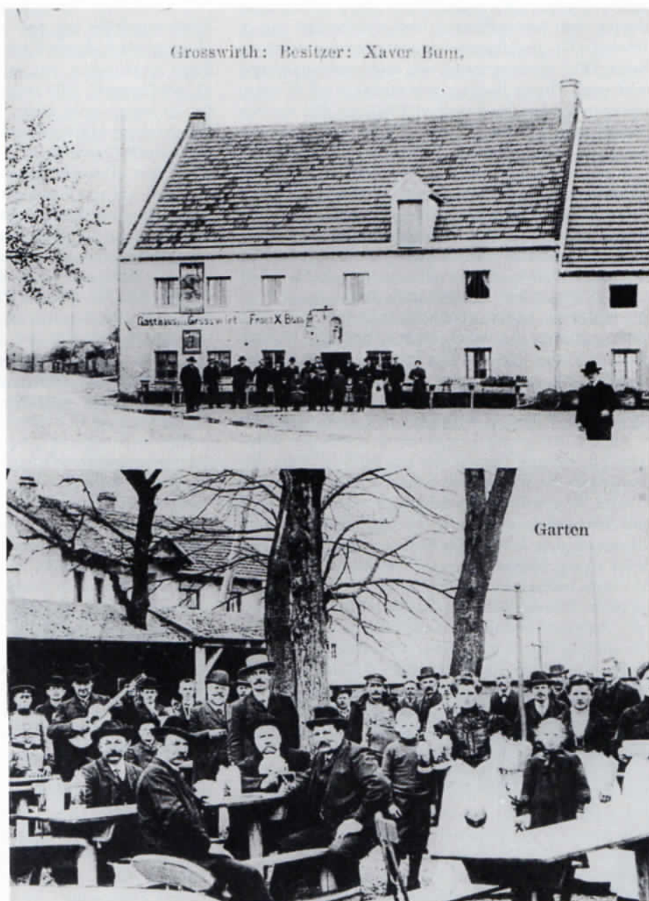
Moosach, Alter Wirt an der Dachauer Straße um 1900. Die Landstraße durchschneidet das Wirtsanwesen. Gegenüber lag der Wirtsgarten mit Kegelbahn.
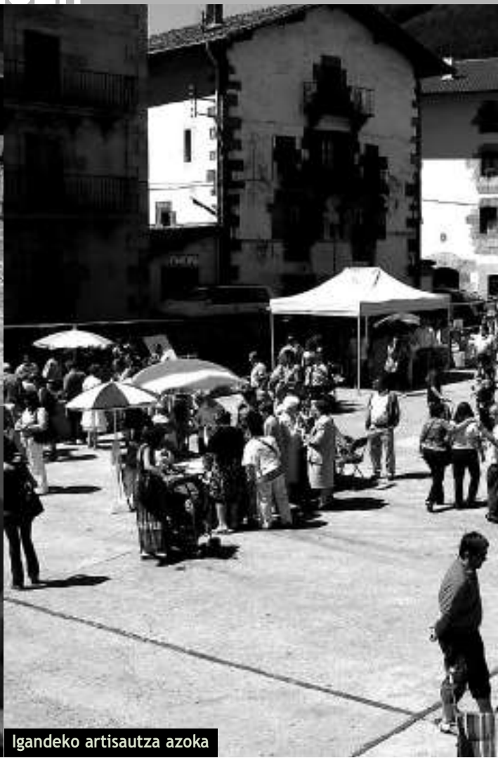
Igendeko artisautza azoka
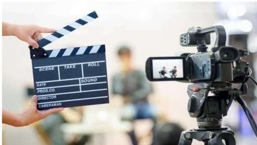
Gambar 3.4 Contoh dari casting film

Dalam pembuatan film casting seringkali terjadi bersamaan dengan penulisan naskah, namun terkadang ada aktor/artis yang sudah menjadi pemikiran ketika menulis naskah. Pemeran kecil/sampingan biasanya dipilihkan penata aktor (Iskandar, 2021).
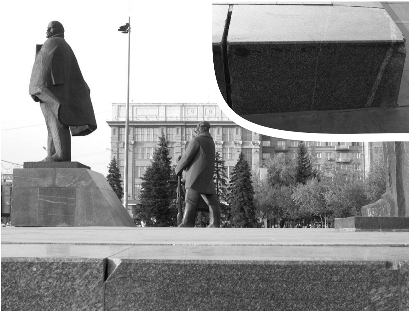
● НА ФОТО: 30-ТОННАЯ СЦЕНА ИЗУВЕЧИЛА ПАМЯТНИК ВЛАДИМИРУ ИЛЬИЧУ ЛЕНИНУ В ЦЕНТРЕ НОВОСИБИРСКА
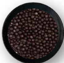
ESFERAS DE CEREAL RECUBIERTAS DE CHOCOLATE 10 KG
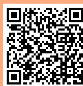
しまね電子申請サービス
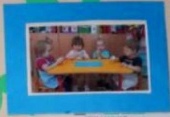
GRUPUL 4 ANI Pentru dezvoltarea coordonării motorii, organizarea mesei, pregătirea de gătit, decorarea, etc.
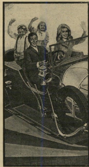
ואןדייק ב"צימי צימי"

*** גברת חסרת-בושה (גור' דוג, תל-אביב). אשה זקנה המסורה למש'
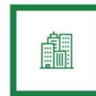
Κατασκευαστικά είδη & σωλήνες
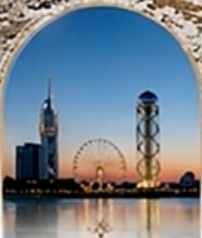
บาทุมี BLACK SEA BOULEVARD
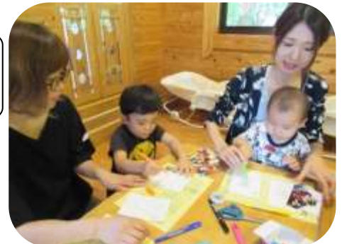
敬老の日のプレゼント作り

********

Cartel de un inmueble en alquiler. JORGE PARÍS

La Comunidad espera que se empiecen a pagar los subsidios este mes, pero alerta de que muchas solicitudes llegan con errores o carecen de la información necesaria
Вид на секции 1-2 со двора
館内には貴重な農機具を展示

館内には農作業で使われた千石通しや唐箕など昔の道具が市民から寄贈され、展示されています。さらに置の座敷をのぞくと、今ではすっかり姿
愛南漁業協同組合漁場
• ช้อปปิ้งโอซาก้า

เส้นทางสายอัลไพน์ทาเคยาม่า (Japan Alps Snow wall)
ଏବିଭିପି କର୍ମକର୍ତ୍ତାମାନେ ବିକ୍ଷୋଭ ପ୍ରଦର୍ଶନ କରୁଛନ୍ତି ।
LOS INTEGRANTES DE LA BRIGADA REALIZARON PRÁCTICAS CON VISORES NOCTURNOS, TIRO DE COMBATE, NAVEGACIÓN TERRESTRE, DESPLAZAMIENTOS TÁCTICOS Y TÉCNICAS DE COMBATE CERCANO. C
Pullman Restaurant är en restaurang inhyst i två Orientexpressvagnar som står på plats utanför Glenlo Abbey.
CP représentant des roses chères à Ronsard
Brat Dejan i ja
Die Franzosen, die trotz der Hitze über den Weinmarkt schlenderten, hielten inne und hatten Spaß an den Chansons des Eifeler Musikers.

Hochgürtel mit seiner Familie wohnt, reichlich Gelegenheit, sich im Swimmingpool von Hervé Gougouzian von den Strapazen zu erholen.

********

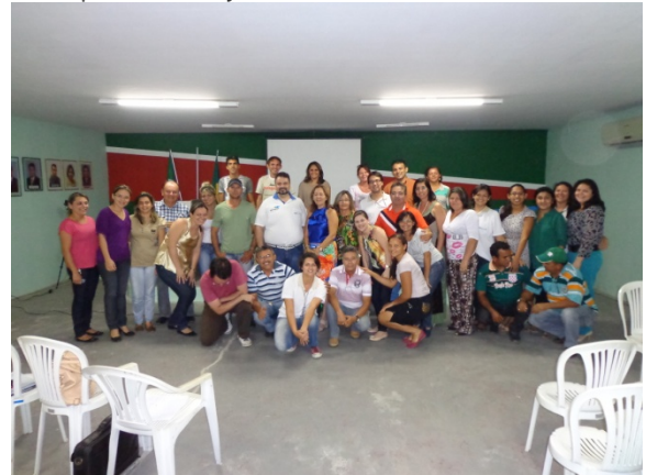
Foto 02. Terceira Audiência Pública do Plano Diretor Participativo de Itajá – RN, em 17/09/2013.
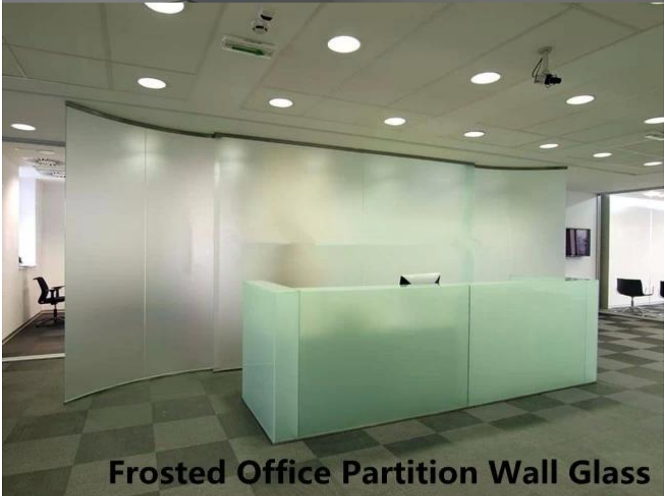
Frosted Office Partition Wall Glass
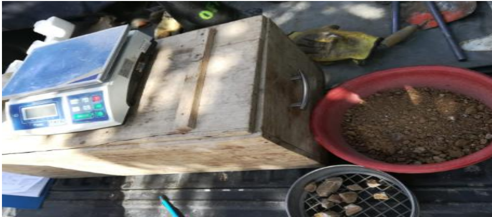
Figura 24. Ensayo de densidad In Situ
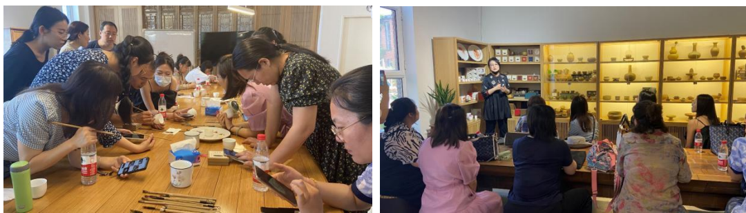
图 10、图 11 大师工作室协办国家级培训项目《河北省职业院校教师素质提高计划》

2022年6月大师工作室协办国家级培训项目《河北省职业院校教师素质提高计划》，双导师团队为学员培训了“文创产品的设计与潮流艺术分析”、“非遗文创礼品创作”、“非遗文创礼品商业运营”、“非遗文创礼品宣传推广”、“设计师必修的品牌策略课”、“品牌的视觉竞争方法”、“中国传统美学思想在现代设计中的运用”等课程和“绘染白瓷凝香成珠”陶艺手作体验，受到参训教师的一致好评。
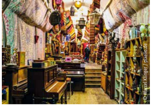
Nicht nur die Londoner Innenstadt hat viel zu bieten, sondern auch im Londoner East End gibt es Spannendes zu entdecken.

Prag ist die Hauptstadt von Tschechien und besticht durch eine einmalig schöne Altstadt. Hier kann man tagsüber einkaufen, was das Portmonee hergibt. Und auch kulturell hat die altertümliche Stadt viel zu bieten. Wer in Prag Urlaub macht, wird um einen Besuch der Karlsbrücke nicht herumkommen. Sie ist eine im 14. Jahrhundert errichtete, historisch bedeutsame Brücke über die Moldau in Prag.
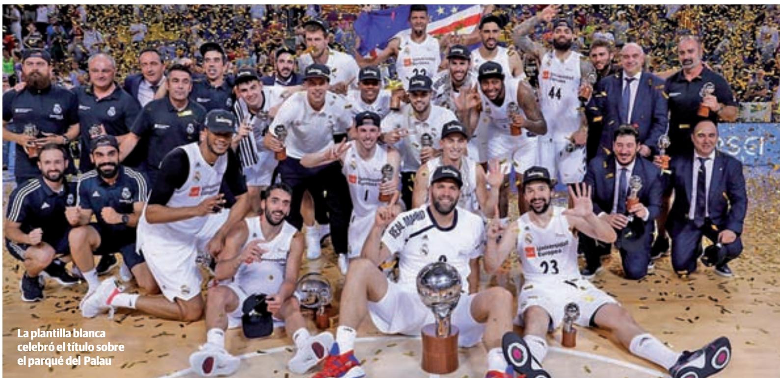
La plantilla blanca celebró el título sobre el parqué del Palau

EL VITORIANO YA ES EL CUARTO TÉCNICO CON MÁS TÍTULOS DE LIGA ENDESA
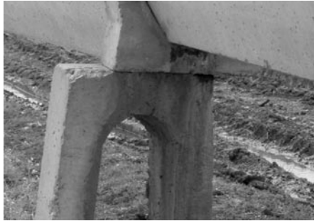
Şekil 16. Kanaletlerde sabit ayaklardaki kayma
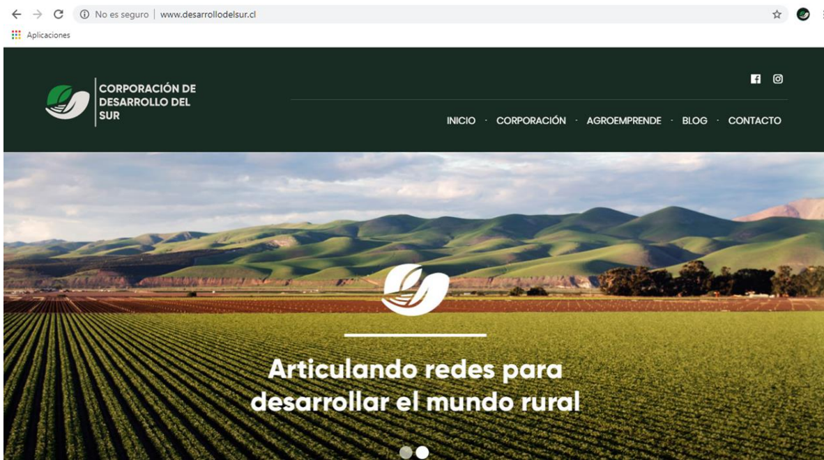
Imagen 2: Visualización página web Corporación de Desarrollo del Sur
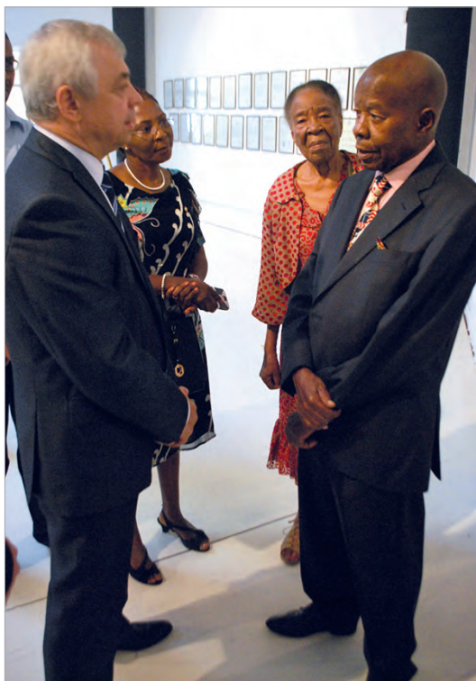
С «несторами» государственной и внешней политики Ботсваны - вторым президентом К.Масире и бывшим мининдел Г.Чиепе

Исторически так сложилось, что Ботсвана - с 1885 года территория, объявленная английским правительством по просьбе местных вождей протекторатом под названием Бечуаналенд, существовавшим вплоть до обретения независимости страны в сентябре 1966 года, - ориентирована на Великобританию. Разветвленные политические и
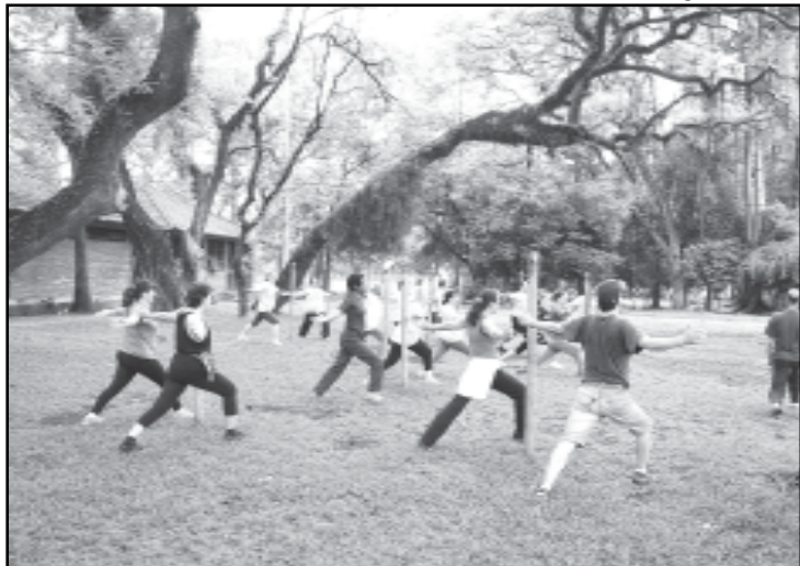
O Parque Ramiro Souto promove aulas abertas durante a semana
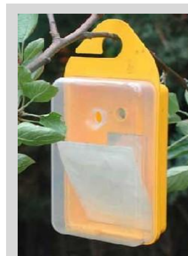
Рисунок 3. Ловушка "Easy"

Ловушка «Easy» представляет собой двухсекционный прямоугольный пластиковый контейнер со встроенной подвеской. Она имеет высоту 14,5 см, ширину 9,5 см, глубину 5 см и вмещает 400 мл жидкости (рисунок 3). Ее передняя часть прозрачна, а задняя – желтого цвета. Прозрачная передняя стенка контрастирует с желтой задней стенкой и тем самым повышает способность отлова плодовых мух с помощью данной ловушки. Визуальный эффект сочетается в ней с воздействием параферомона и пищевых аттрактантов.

********

● Work instruction: Although the records hold pictures, the copy must not; give again exactly the lines from the one with "Moosach, Alter Wirt" through the one with "敬老の日のプレゼント作り".

● Result of the task:
Moosach, Alter Wirt an der Dachauer Straße um 1900. Die Landstraße durchschneidet das Wirtsanwesen. Gegenüber lag der Wirtsgarten mit Kegelbahn.
Igendeko artisautza azoka
Gambar 3.4 Contoh dari casting film

Dalam pembuatan film casting seringkali terjadi bersamaan dengan penulisan naskah, namun terkadang ada aktor/artis yang sudah menjadi pemikiran ketika menulis naskah. Pemeran kecil/sampingan biasanya dipilihkan penata aktor (Iskandar, 2021).
● НА ФОТО: 30-ТОННАЯ СЦЕНА ИЗУВЕЧИЛА ПАМЯТНИК ВЛАДИМИРУ ИЛЬИЧУ ЛЕНИНУ В ЦЕНТРЕ НОВОСИБИРСКА
ESFERAS DE CEREAL RECUBIERTAS DE CHOCOLATE 10 KG
しまね電子申請サービス
GRUPUL 4 ANI Pentru dezvoltarea coordonării motorii, organizarea mesei, pregătirea de gătit, decorarea, etc.
ואןדייק ב"צימי צימי"

*** גברת חסרת-בושה (גור' דוג, תל-אביב). אשה זקנה המסורה למש'
Κατασκευαστικά είδη & σωλήνες
บาทุมี BLACK SEA BOULEVARD
敬老の日のプレゼント作り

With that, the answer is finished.